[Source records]
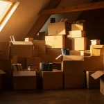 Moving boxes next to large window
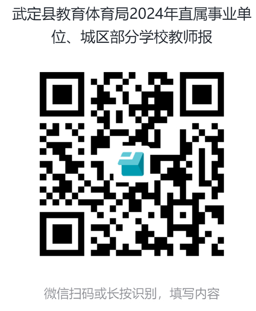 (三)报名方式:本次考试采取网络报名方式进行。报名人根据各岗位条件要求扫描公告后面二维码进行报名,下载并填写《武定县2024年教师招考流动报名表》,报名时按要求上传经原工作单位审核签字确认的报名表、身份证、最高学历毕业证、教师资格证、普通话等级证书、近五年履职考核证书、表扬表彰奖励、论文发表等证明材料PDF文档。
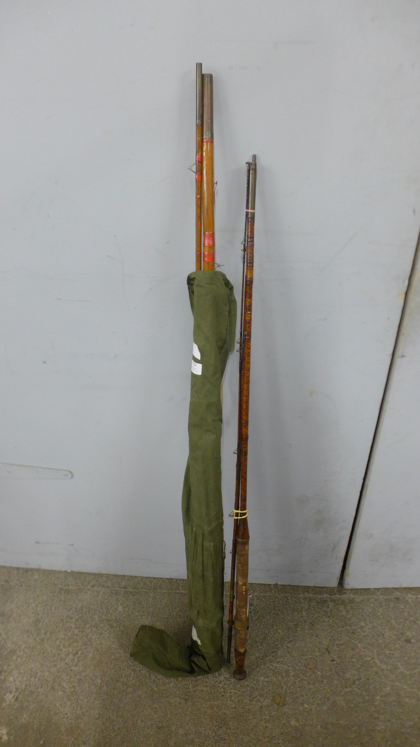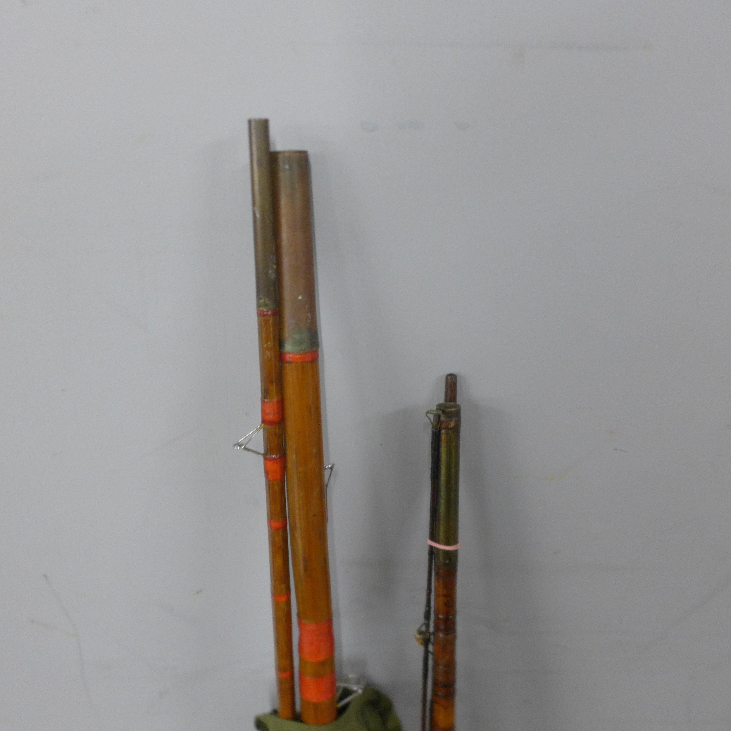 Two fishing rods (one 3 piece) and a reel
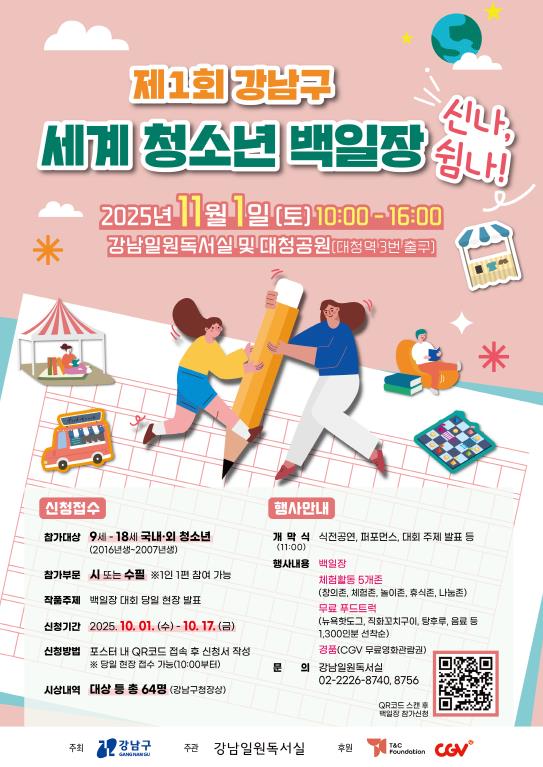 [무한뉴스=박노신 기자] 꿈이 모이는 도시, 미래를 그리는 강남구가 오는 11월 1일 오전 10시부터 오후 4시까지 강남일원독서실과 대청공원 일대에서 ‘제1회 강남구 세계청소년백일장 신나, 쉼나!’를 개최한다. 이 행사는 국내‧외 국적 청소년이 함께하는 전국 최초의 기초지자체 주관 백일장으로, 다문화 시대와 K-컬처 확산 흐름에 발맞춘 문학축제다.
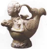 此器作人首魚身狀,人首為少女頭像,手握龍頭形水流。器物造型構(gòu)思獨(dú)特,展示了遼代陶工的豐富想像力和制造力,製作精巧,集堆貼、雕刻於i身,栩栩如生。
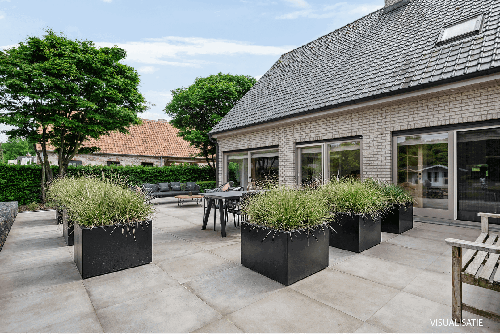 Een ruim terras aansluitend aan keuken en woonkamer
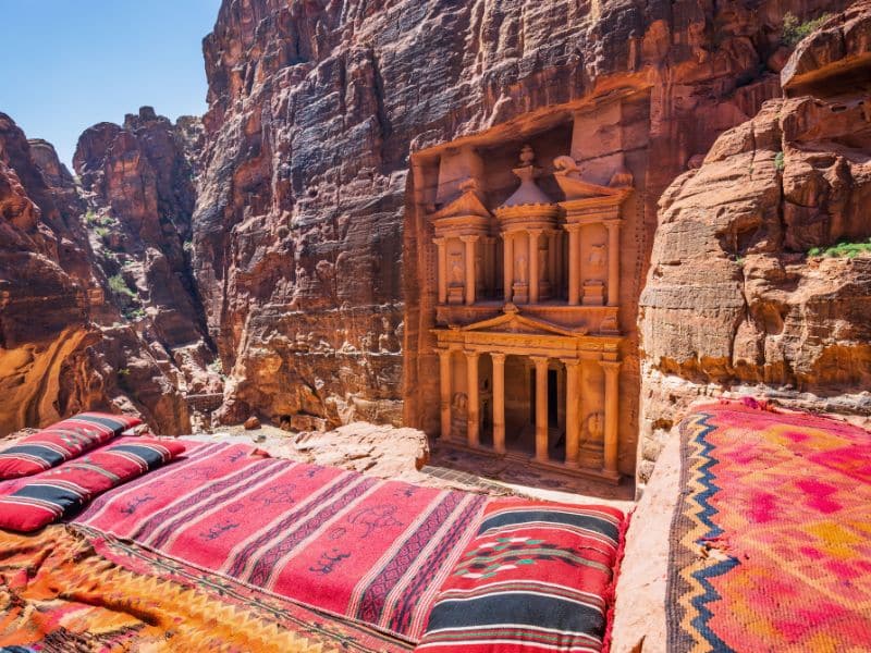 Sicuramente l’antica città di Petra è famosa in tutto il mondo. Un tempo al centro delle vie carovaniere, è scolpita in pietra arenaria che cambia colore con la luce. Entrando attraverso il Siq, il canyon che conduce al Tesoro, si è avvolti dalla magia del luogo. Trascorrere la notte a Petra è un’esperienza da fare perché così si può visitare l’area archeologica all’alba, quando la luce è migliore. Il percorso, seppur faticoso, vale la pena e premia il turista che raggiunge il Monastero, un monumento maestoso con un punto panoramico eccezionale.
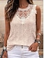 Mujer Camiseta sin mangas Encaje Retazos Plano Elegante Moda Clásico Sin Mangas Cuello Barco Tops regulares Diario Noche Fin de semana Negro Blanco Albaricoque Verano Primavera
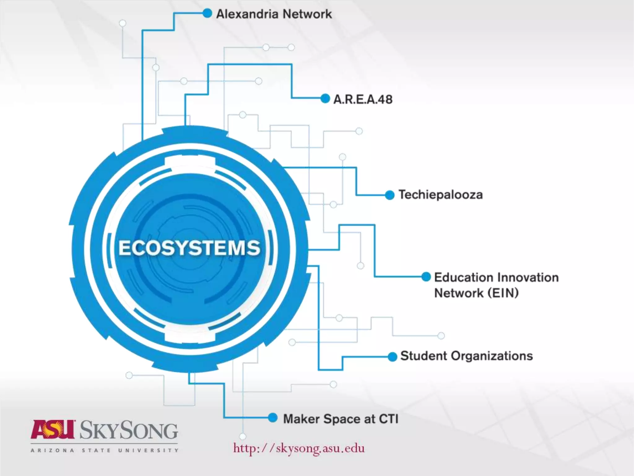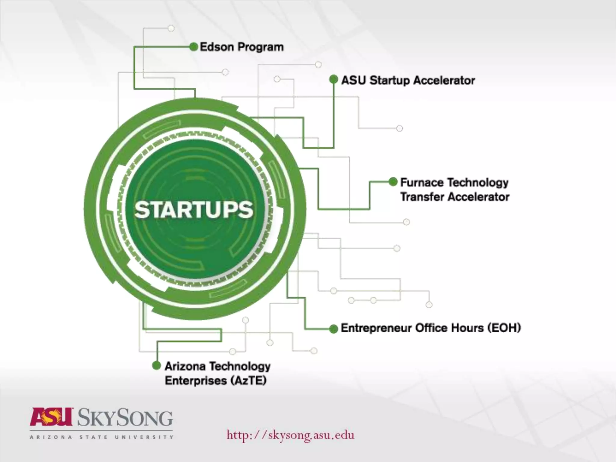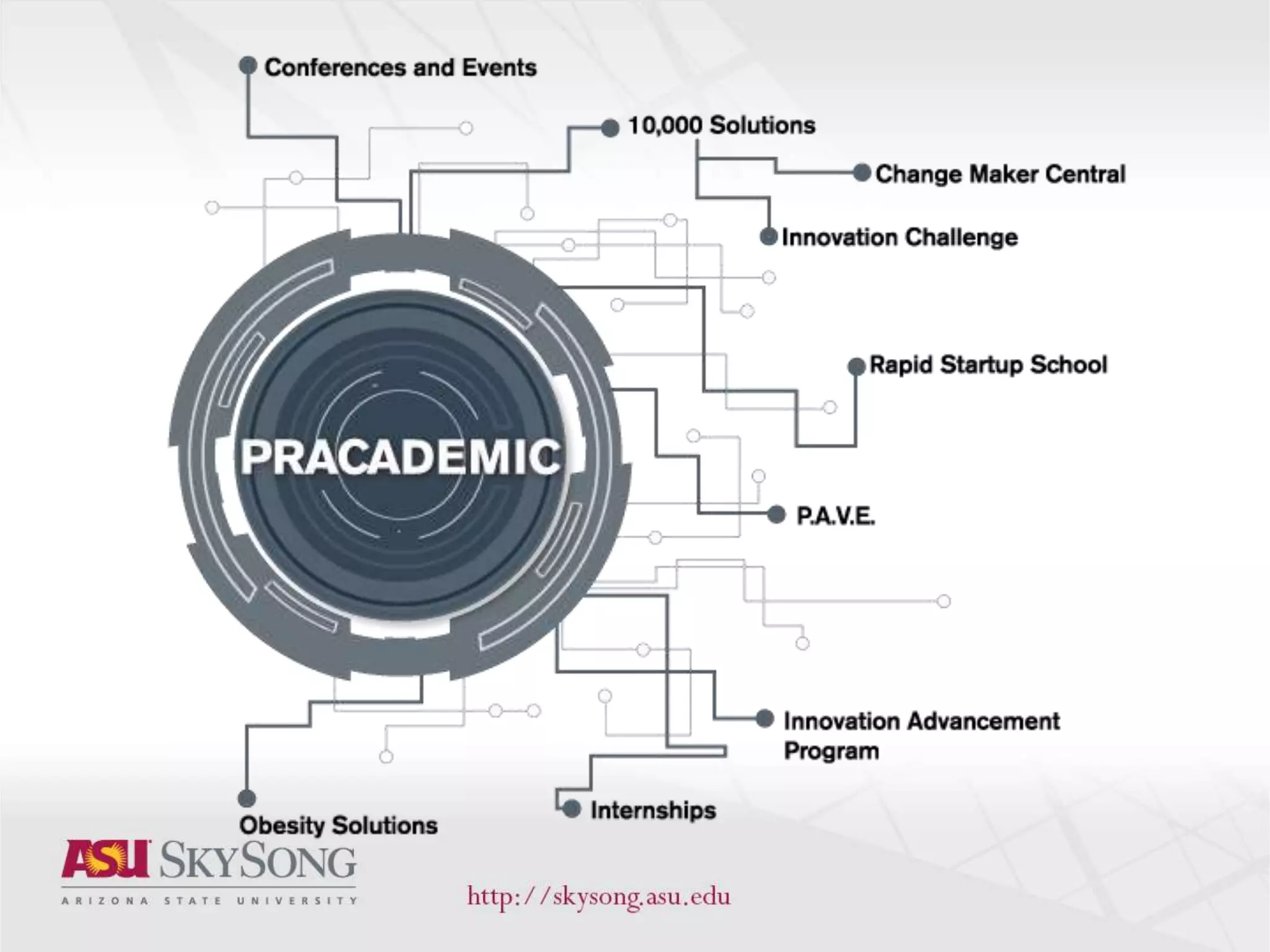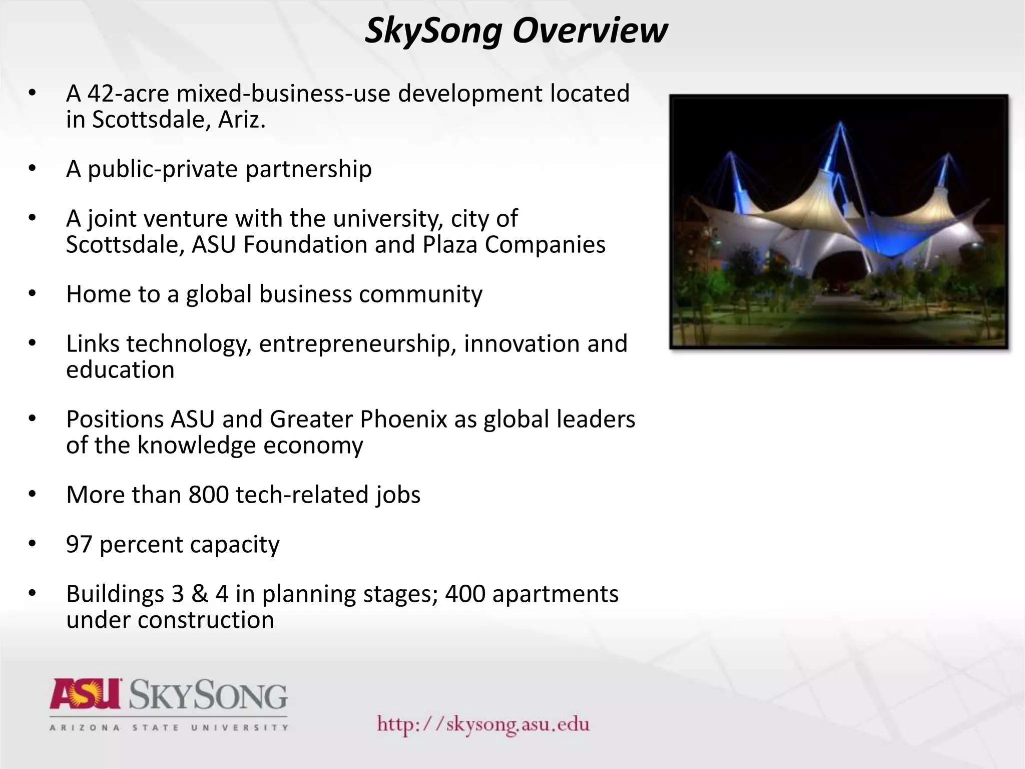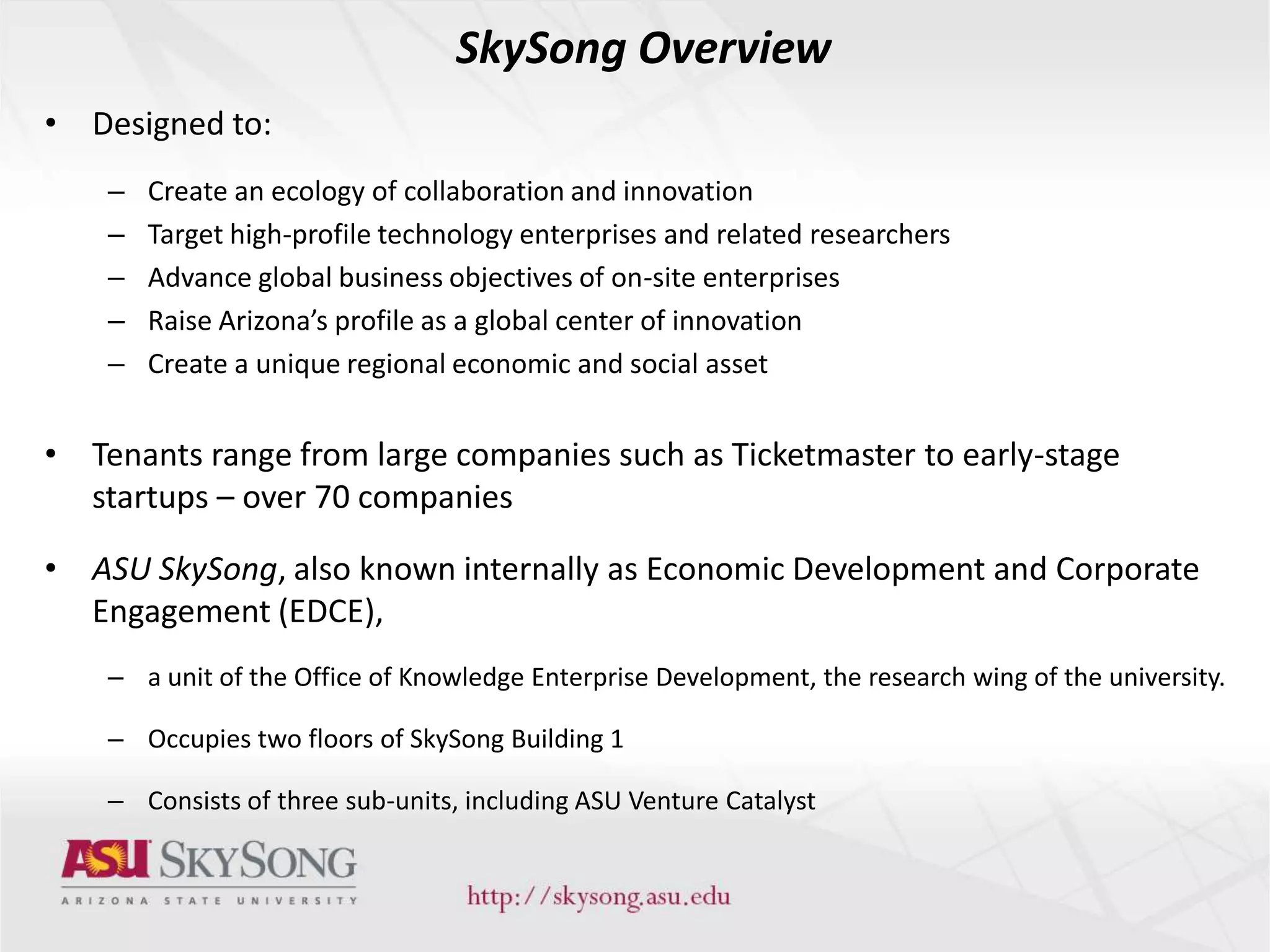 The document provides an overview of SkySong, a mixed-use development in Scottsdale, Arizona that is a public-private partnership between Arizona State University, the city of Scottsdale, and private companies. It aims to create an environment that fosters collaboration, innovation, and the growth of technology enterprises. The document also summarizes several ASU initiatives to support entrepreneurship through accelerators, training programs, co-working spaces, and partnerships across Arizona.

§ Description of the task
What is needed is a verbatim copy of the entries, leaving out any pictures.

§ Expected answer
 Moving boxes next to large window
 (三)报名方式:本次考试采取网络报名方式进行。报名人根据各岗位条件要求扫描公告后面二维码进行报名,下载并填写《武定县2024年教师招考流动报名表》,报名时按要求上传经原工作单位审核签字确认的报名表、身份证、最高学历毕业证、教师资格证、普通话等级证书、近五年履职考核证书、表扬表彰奖励、论文发表等证明材料PDF文档。
 Two fishing rods (one 3 piece) and a reel
 [무한뉴스=박노신 기자] 꿈이 모이는 도시, 미래를 그리는 강남구가 오는 11월 1일 오전 10시부터 오후 4시까지 강남일원독서실과 대청공원 일대에서 ‘제1회 강남구 세계청소년백일장 신나, 쉼나!’를 개최한다. 이 행사는 국내‧외 국적 청소년이 함께하는 전국 최초의 기초지자체 주관 백일장으로, 다문화 시대와 K-컬처 확산 흐름에 발맞춘 문학축제다.
 此器作人首魚身狀,人首為少女頭像,手握龍頭形水流。器物造型構(gòu)思獨(dú)特,展示了遼代陶工的豐富想像力和制造力,製作精巧,集堆貼、雕刻於i身,栩栩如生。
 Een ruim terras aansluitend aan keuken en woonkamer
 Sicuramente l’antica città di Petra è famosa in tutto il mondo. Un tempo al centro delle vie carovaniere, è scolpita in pietra arenaria che cambia colore con la luce. Entrando attraverso il Siq, il canyon che conduce al Tesoro, si è avvolti dalla magia del luogo. Trascorrere la notte a Petra è un’esperienza da fare perché così si può visitare l’area archeologica all’alba, quando la luce è migliore. Il percorso, seppur faticoso, vale la pena e premia il turista che raggiunge il Monastero, un monumento maestoso con un punto panoramico eccezionale.
 Mujer Camiseta sin mangas Encaje Retazos Plano Elegante Moda Clásico Sin Mangas Cuello Barco Tops regulares Diario Noche Fin de semana Negro Blanco Albaricoque Verano Primavera
 The document provides an overview of SkySong, a mixed-use development in Scottsdale, Arizona that is a public-private partnership between Arizona State University, the city of Scottsdale, and private companies. It aims to create an environment that fosters collaboration, innovation, and the growth of technology enterprises. The document also summarizes several ASU initiatives to support entrepreneurship through accelerators, training programs, co-working spaces, and partnerships across Arizona.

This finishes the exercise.